Hingga kuartal pertama tahun 2026, KB Bank mencatat jumlah karyawan mencapai 2.265 orang, atau berkurang 69 orang dibandingkan posisi akhir Desember 2025. Jika ditarik perbandingan secara tahunan (year-on-year), langkah rasionalisasi tenaga kerja ini terlihat lebih signifikan mengingat pada Maret 2025, jumlah staf perusahaan masih berada di angka 2.927 orang.
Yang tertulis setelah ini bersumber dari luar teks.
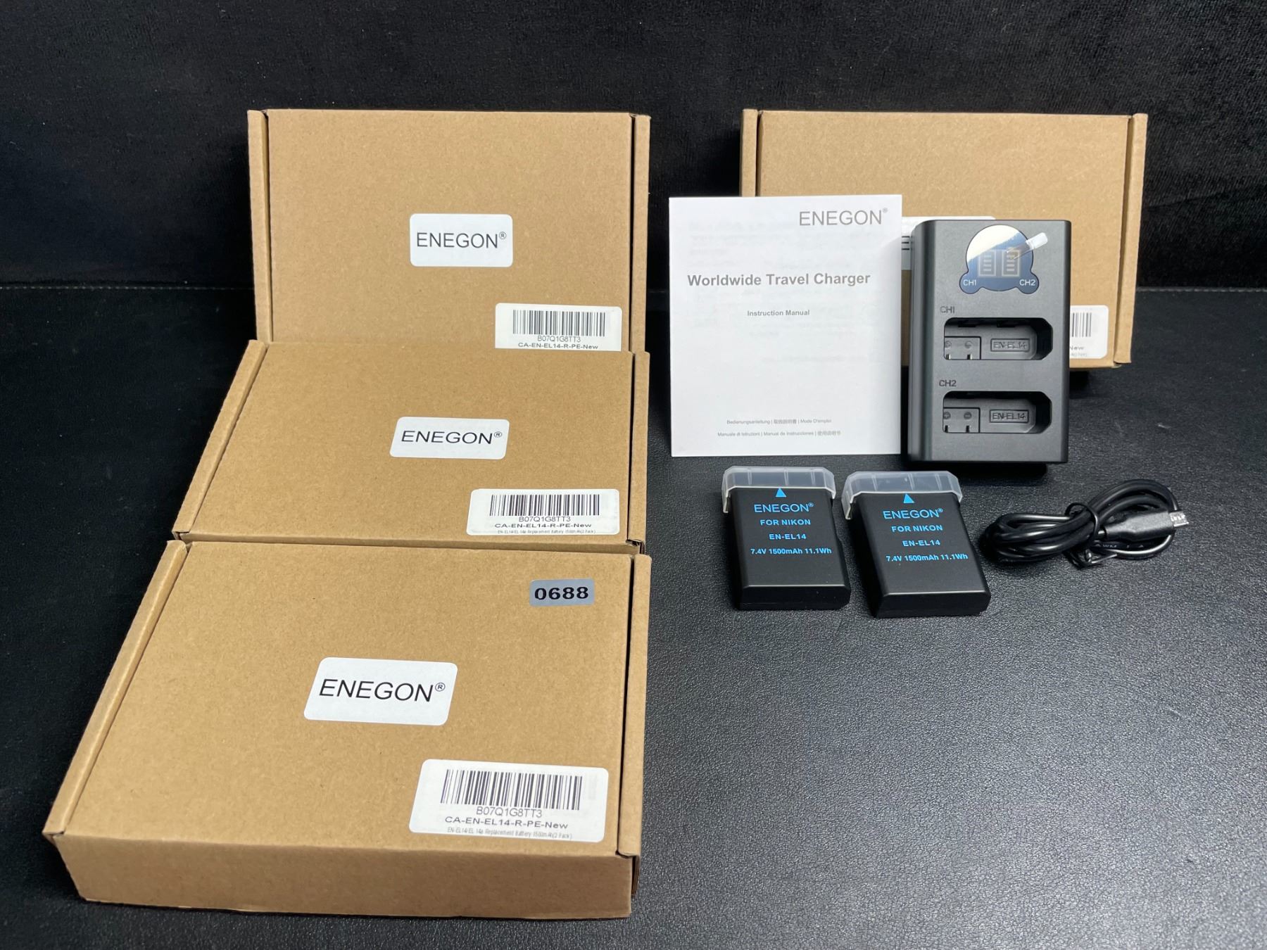 Lot 688 Lot of 4 Smart LED Dual Charger Kits for Nikon with 2 Replacement Batteries (Each) - New
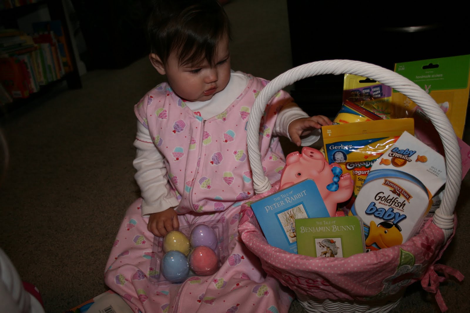 Last night, Allie was so excited for the Easter Bunny to come. She kept looking out the front window for bunny tracks and every little sound she heard, she was sure it was him. Once she finally got settled and ready for bed, she said "I just know the Easter Bunny will leave and egg under my pillow"....he must have been listening because this morning there was an egg under her pillow and in Paigee's crib ;o) Allie woke up at the crack of dawn and was soooo excited. She said "Easter is here...Easter is here...yay!" After convincing her to stay in bed for a "few more minutes" we finally went downstairs and she found the baskets. The bunny left one for Allie and Paige! The Easter Bunny tried not to put too much candy in the baskets this year, but Allie has been saying that she wants a HUGE chocolate bunny in her basket. Well Mr. EB pulled through and she got a princess chocolate bunny. She hugged it and said "this is what I wanted my whole life, I knew he would bring me one!" Once Paige woke up, Allie helped her find her goodies in her basket. Paige loved taking the things out of her basket and reading her new books. It was a Happy Easter morning!
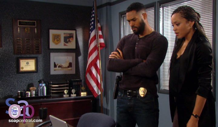 At the police station, Brady spotted Trask and called out a greeting. "Ugh... You can't see Ms. DiMera right now," Trask preemptively insisted, unable to think of any other reason for Brady to initiate a conversation. "She's in [one of the conference rooms] with your sister, conferring about the arraignment this afternoon," Trask explained. "I know," Brady replied.

Direktur Utama KB Bank, Kunardy Darma Lie, menegaskan bahwa penyesuaian ini merupakan bagian integral dari strategi perusahaan untuk memperbaiki kinerja fundamental. Meski melakukan perampingan fisik, bank tetap melakukan transformasi digital untuk mendukung layanan bagi nasabah di tengah perubahan perilaku transaksi perbankan saat ini.
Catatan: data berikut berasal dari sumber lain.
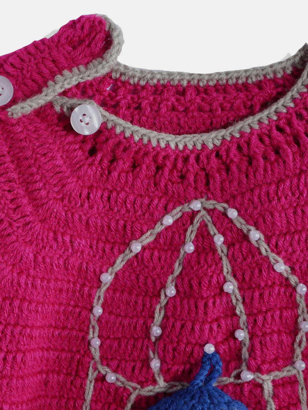 Chutput Kids Woollen Hand Knitted Full Sleeves Bird Detail Sweater - Magenta - Distacart
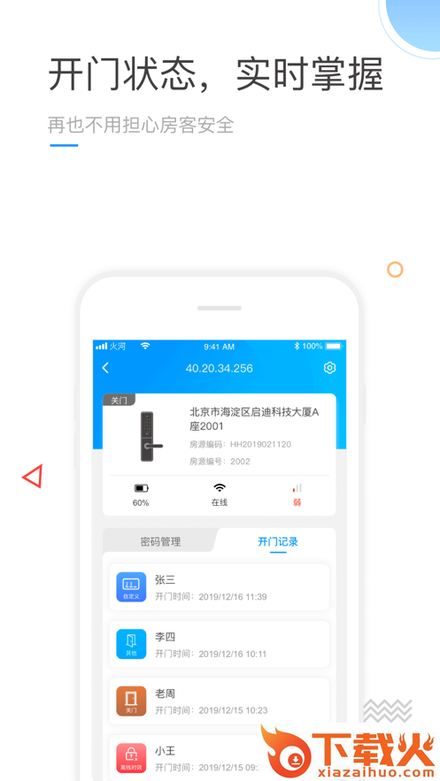 火河智能app是一款智能门锁助手,软件可以帮助用户手机连接门锁,实现远程管理控制等等,可以帮助用户更好的门锁安全,需要的朋友可以前来下载使用。...
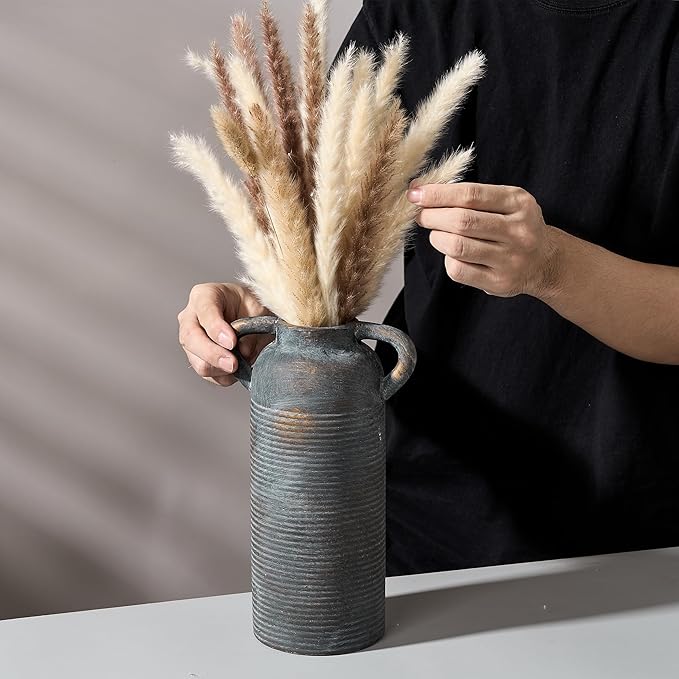 - [Enjoy Time of Flower DIY] Rustic vase is suitable for DIY flower arrangements, natural pampas grass, palm leaves, eucalyptus, dandelions, reeds, cattails and other green plants, cherry blossoms, cut flowers, flower stems, dried flowers, fresh flowers, botanical artificial flowers, fake flowers, rabbit tails, goat's hooves, feathers, etc.
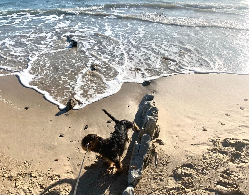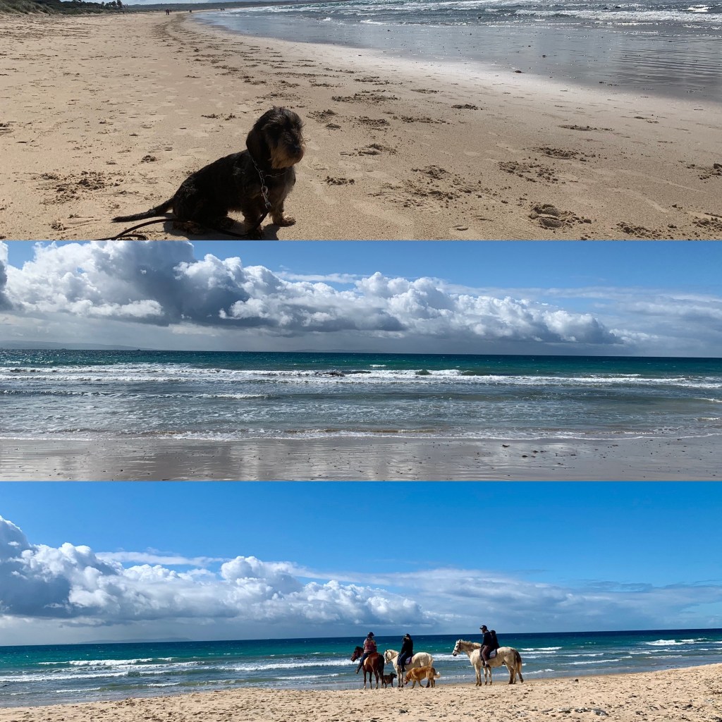 Är så rofyllt att lyssna på havet, se på surfare, joggare och hästar på stranden.
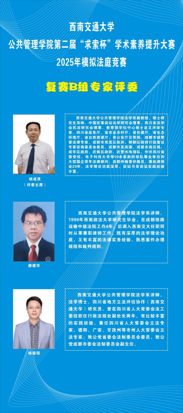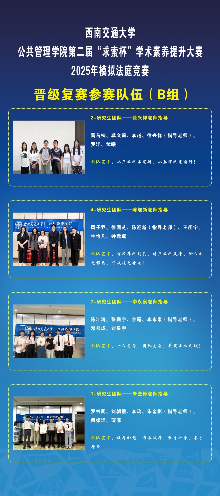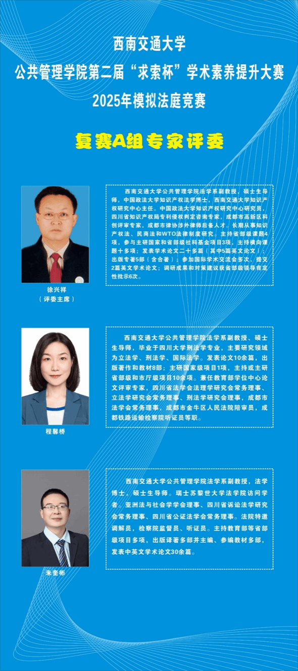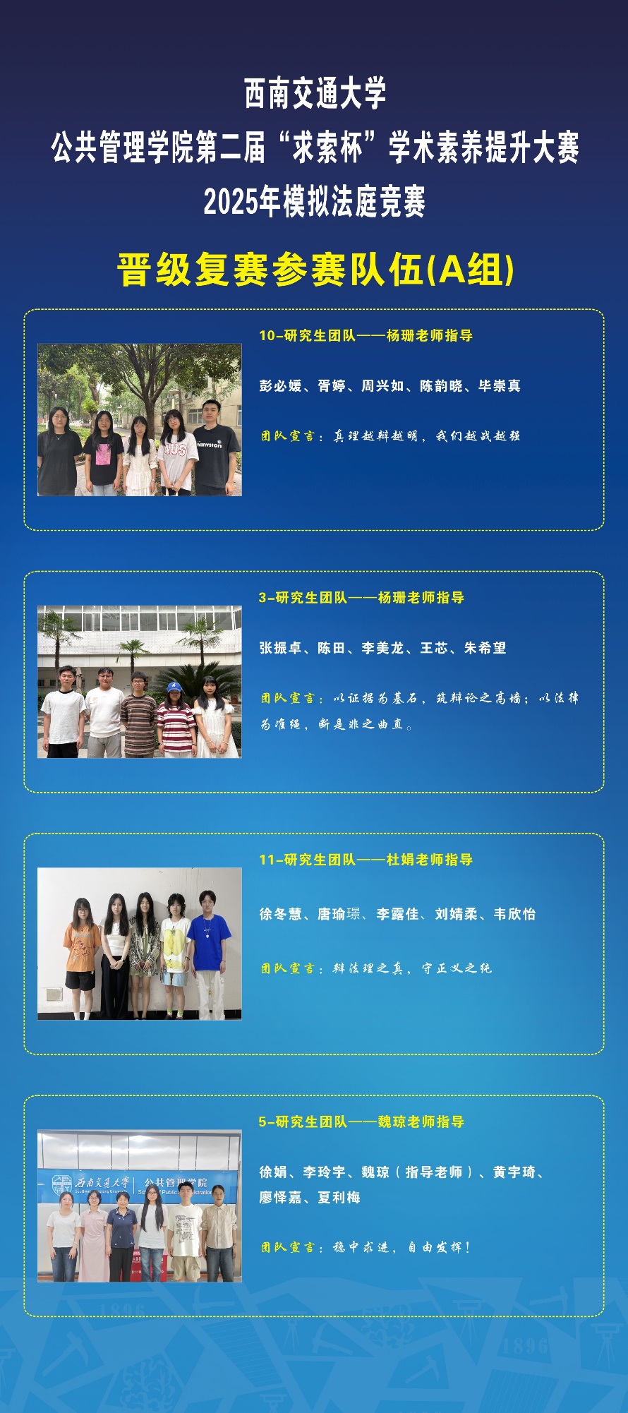 由suncitygroup太阳集团研究生院主办,suncitygroup太阳集团、成都市青白江区人民法院、suncitygroup太阳集团模拟法庭实验室、suncitygroup太阳集团团委、suncitygroup太阳集团学生会、研究生会、大学生法律协会承办的suncitygroup太阳集团第二届“求索杯”学术素养提升大赛2025年模拟法庭竞赛于4月初拉开帷幕。本次竞赛案例由成都市青白江区人民法院提供,我校研究生组成共11支参赛队参加了本次模拟法庭竞赛。在初赛中各参赛团队根据竞赛案例案卷材料,提交了包括民事起诉状、民事答辩状、代理词、判决书等司法文书,由青白江区人民法院三位法官进行匿名评审,8支参赛队成功晋级,现通过抽签方式,分为A、B两组展开复赛。现对模拟法庭竞赛复赛赛事安排如下:
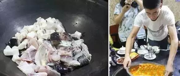 柴火烧旺,炒香料,再放汤,然后新鲜的鱼放进去煮。一个专门的漏斗计时,我们点了条雄鱼和几斤黄鸭叫,味道还是非常不错的。鱼吃完后还可以下一些喜欢的配菜。

Di sisi lain, KB Bank mendapatkan suntikan dukungan finansial berupa fasilitas pendanaan atau credit line senilai Rp 2 triliun dari induk usahanya, KB Financial Group. Tambahan modal ini dinilai krusial untuk menjaga stabilitas likuiditas perseroan, terutama di tengah dinamika kebijakan moneter Bank Indonesia yang menaikkan suku bunga acuan sebesar 100 basis poin pada semester pertama tahun ini.
Manajemen KB Bank menyatakan optimisme bahwa dukungan finansial dari pemegang saham pengendali ini akan memberikan fleksibilitas lebih bagi perseroan dalam menjalankan ekspansi bisnis yang berkelanjutan meski di tengah tantangan ekonomi nasional yang kompetitif.